What to produce: Repeat exactly the lines that run from the start of the records below to the line with "На кафедрі іноземних", including both of those lines but not the pictures.

++++ Dataset records

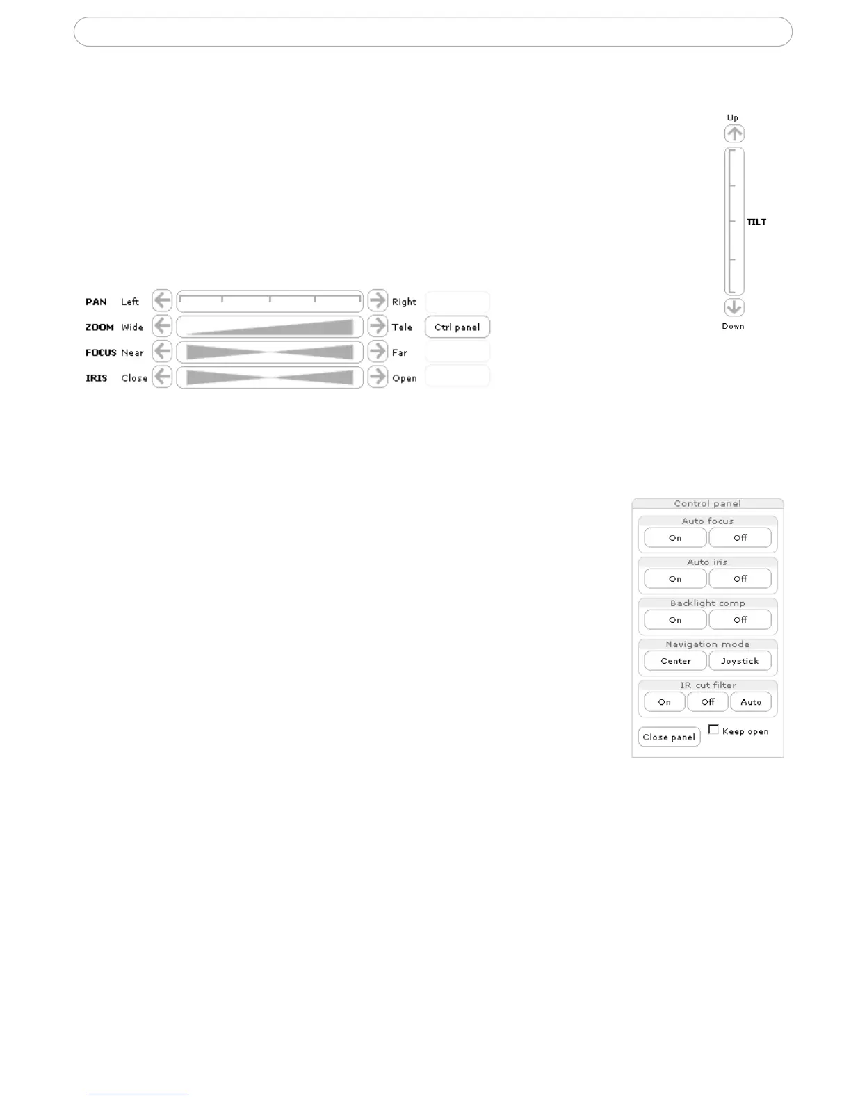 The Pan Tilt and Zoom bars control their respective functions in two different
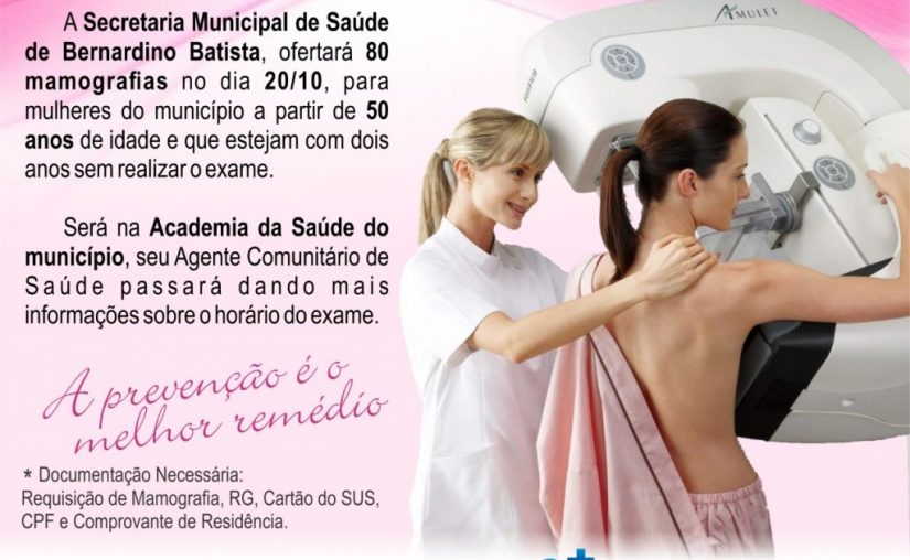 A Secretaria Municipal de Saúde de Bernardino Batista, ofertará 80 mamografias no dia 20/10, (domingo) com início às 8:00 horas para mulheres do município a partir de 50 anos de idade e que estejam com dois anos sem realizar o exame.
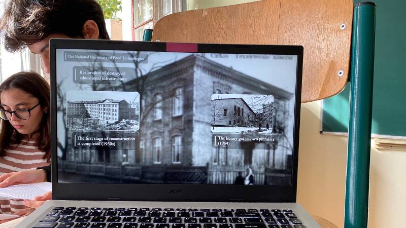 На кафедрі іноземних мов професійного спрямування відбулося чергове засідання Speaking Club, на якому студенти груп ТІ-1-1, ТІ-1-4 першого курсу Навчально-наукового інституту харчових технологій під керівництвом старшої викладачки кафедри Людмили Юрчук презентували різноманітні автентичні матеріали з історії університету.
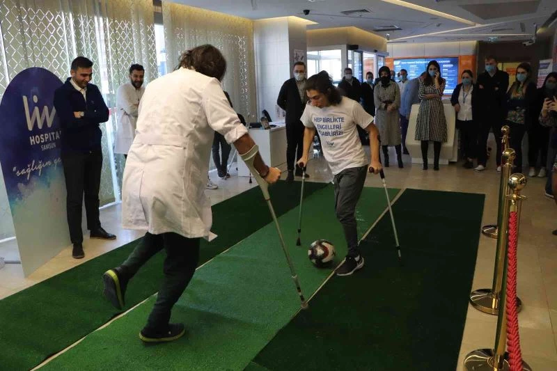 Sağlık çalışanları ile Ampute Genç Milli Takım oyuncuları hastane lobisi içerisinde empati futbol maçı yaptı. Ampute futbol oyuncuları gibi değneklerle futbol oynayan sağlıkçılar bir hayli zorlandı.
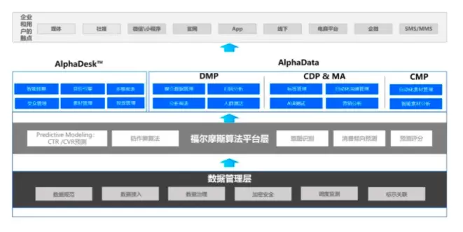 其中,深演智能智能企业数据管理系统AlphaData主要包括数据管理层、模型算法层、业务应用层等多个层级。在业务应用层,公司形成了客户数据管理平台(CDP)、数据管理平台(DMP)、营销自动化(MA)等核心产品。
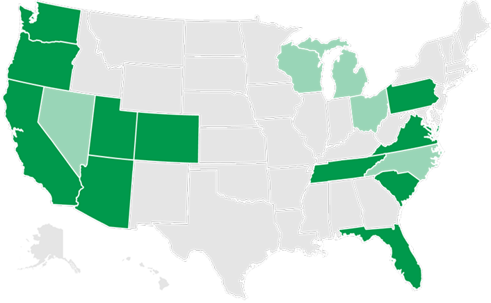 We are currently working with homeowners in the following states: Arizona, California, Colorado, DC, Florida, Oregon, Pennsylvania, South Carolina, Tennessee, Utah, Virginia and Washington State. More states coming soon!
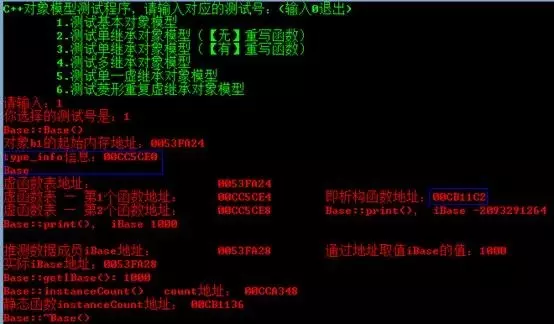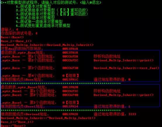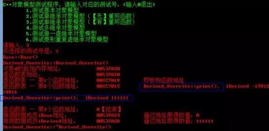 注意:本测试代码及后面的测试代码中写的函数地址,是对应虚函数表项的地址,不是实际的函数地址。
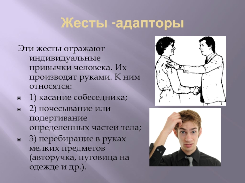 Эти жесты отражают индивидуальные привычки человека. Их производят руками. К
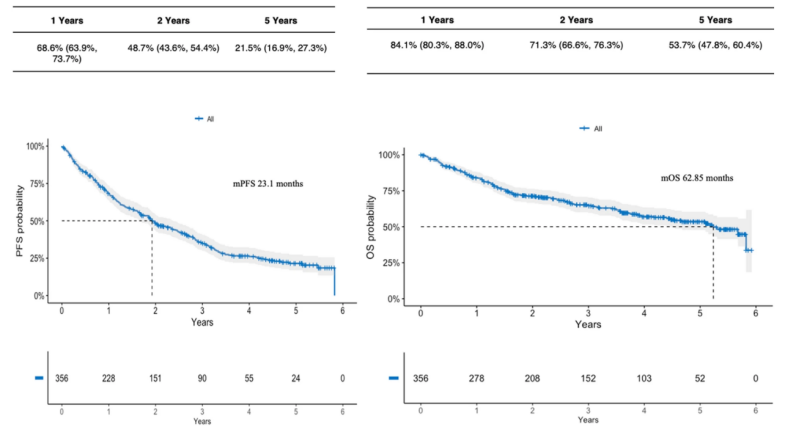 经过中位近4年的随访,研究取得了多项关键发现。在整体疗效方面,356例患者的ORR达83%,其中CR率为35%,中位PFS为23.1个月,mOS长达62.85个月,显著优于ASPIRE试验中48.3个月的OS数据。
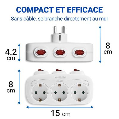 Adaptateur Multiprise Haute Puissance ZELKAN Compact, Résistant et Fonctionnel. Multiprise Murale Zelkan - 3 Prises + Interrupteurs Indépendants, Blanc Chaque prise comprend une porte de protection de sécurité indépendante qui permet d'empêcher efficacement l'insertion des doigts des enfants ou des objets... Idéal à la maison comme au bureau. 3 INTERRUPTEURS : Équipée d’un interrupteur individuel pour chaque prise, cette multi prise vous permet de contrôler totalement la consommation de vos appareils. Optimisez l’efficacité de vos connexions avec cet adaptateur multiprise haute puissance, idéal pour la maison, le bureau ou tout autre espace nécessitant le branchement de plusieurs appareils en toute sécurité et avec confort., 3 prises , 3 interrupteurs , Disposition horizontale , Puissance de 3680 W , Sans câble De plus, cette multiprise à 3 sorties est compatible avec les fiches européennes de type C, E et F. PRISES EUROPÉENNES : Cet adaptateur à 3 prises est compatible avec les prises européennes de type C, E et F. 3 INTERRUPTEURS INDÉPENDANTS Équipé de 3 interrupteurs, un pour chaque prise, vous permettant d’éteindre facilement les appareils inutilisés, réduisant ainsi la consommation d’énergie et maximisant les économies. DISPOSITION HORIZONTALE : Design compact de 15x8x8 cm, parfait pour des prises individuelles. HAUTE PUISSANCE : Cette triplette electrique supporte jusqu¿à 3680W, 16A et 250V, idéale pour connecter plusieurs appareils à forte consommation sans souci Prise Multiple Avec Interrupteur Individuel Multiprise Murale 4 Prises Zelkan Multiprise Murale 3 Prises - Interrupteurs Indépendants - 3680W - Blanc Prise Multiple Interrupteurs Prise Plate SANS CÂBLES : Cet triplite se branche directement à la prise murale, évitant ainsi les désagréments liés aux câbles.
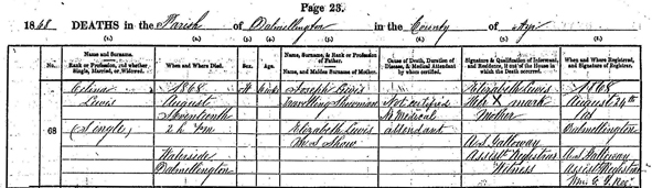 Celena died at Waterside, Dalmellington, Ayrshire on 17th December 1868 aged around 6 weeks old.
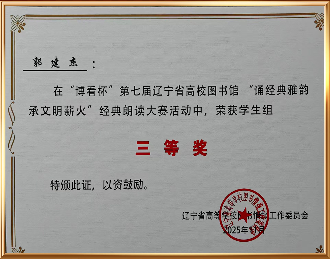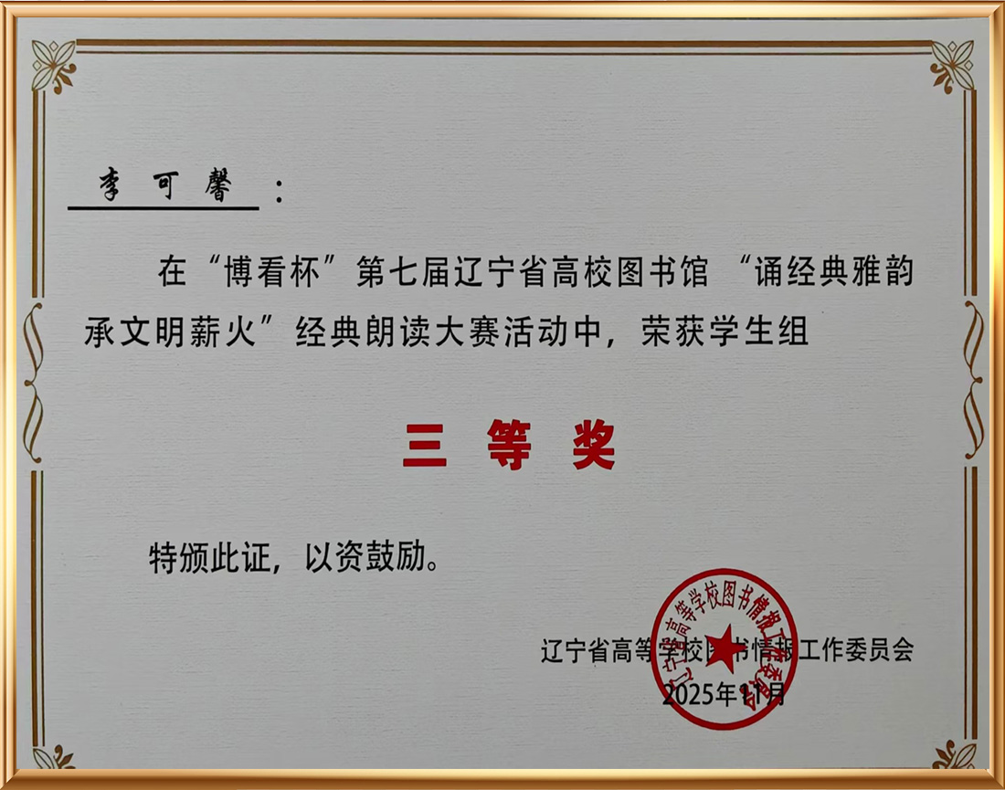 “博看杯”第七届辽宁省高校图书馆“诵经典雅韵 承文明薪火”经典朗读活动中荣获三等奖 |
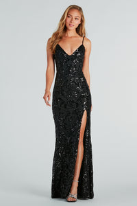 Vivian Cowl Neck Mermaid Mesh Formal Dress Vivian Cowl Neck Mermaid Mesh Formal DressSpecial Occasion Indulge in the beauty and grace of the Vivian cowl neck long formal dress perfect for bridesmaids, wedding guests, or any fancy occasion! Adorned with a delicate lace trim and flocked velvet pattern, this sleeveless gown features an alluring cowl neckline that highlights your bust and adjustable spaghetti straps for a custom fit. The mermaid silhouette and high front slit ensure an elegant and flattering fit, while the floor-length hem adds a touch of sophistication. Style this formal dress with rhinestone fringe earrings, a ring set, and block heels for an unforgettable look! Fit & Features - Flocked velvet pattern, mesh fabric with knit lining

++++++++

Task output:
 The Pan Tilt and Zoom bars control their respective functions in two different
 A Secretaria Municipal de Saúde de Bernardino Batista, ofertará 80 mamografias no dia 20/10, (domingo) com início às 8:00 horas para mulheres do município a partir de 50 anos de idade e que estejam com dois anos sem realizar o exame.
 На кафедрі іноземних мов професійного спрямування відбулося чергове засідання Speaking Club, на якому студенти груп ТІ-1-1, ТІ-1-4 першого курсу Навчально-наукового інституту харчових технологій під керівництвом старшої викладачки кафедри Людмили Юрчук презентували різноманітні автентичні матеріали з історії університету.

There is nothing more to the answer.